_DESCRIPTION OF THE TASK_
In the entries below, find the line with "2、跳跃操作: 游戏画面右下" and print exactly every line from there up to and including the line with "本次心理素质拓展活动项目有趣", with no other lines.

_MATERIAL SHOWN_
((

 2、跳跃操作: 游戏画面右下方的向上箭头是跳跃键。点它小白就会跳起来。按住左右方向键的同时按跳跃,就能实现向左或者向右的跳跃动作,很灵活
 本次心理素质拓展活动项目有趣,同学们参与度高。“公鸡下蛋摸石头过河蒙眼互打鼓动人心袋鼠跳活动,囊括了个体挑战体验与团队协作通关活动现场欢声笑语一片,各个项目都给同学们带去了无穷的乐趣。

))
((

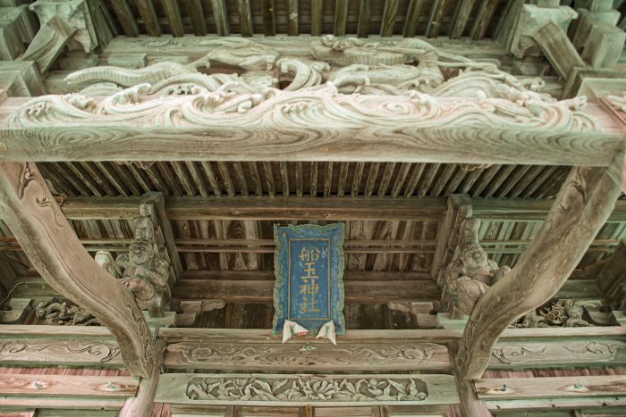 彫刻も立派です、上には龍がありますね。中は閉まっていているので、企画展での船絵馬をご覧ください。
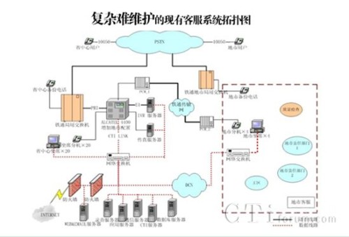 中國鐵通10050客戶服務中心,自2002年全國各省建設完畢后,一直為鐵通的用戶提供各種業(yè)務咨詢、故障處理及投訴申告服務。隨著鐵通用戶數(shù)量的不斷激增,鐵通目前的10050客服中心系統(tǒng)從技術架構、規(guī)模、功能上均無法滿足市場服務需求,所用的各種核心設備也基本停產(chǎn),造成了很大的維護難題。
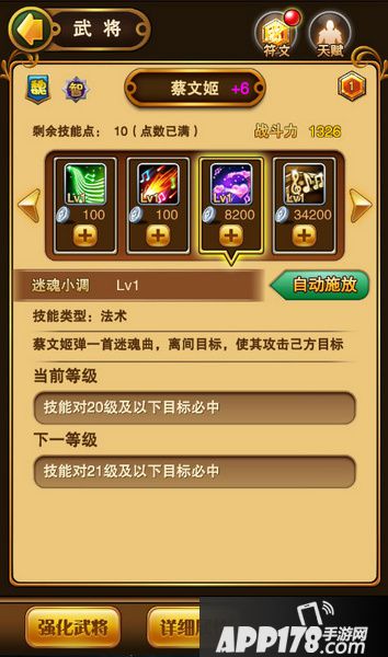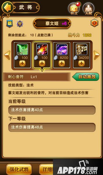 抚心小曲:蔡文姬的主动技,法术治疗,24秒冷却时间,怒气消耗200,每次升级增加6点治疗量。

))

_ANSWER SPACE_
 2、跳跃操作: 游戏画面右下方的向上箭头是跳跃键。点它小白就会跳起来。按住左右方向键的同时按跳跃,就能实现向左或者向右的跳跃动作,很灵活
 本次心理素质拓展活动项目有趣,同学们参与度高。“公鸡下蛋摸石头过河蒙眼互打鼓动人心袋鼠跳活动,囊括了个体挑战体验与团队协作通关活动现场欢声笑语一片,各个项目都给同学们带去了无穷的乐趣。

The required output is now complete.